A typical screening and treatment algorithm for RAS is outlined in Figure 22.2.
Figure 22.2 • Algorithm for diagnosis and management of patients with suspected renal artery stenosis.
Paired renal arteries arise from the lateral aspect of the abdominal aorta at the level of the first and second lumbar vertebrate, just inferior to the anterior origin of the superior mesenteric artery. The origin of the right renal artery is often slightly higher than that of the left renal artery. The main renal artery remains intact for a variable length, prior to subdividing into segmental arteries. These segmental arteries further subdivide into interlobar arteries that subsequently divide into the arcuate and interlobular arteries. The arcuate and interlobular arteries provide the smaller arterioles that penetrate the renal cortex and medulla (Fig. 22.3).

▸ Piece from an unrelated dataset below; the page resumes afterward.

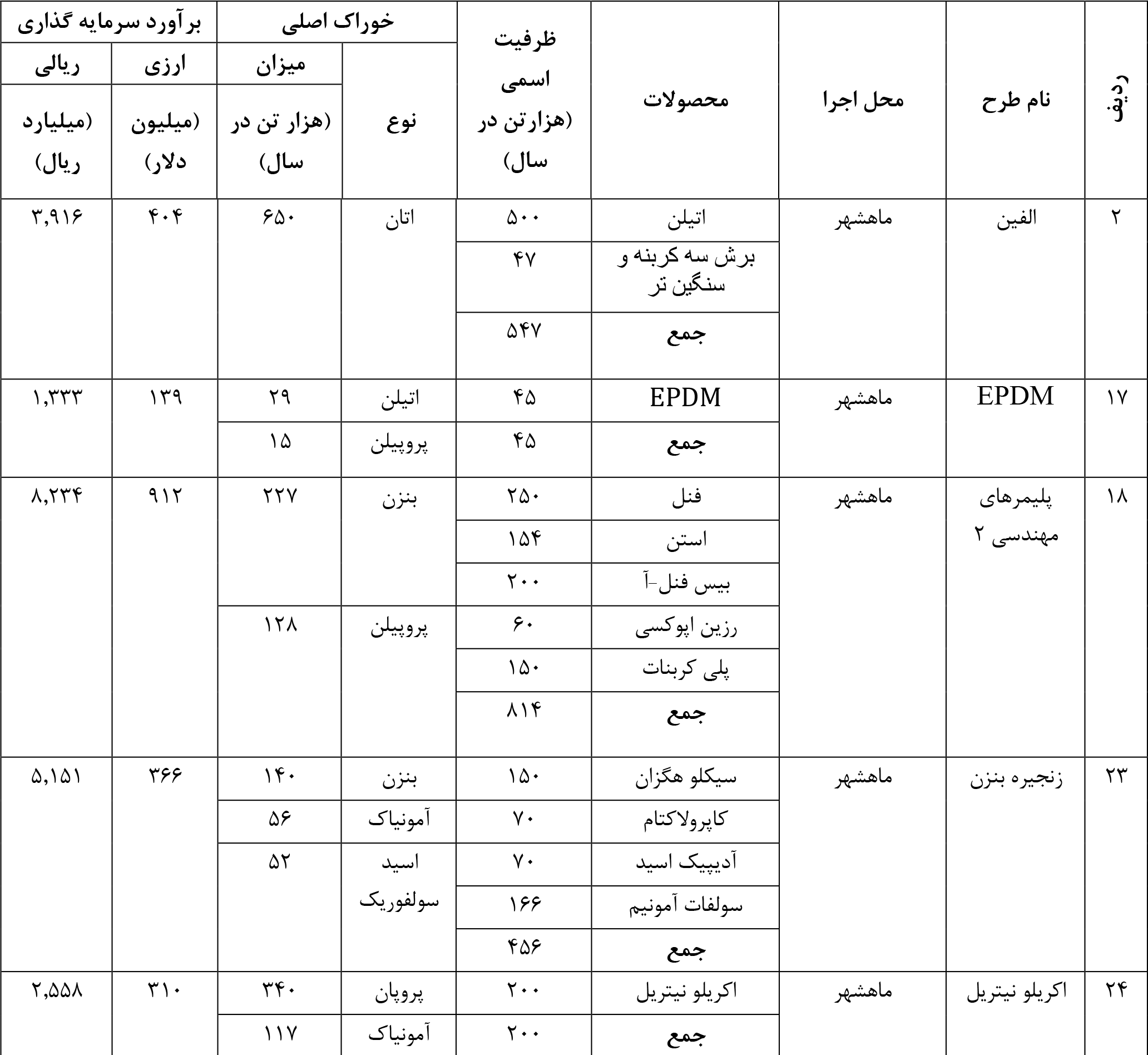 | ردیف | نام طرح | محل اجرا | محصولات | ظرفیت اسمی (هزارتن در سال) | خوراک اصلی | برآورد سرمایه گذاری |

There are a number of variations in renal artery anatomy that warrant mention. The most common variant is the presence of an accessory renal artery, which occurs in up to 30% of individuals and refers to a second, generally smaller-caliber, renal artery that most commonly arises inferior to the main renal artery (Fig. 22.4). Accessory renal arteries typically arise from the abdominal aorta but may also arise from the common iliac, superior and inferior mesenteric, and right hepatic arteries. In some instances, the accessory renal artery may be of similar caliber to the main renal artery, thus supplying a large portion of the renal blood supply. In these circumstances, revascularization of stenosed accessory renal arteries has been performed.
A second anatomic variant is early subdivision of the main renal artery (Fig. 22.5). Normally, a main renal artery remains intact for several centimeters prior to dividing into a variable number of segmental branches. In some cases, a main renal artery may immediately subdivide into segmental branches just beyond its origin, thus making optimal percutaneous revascularization more challenging.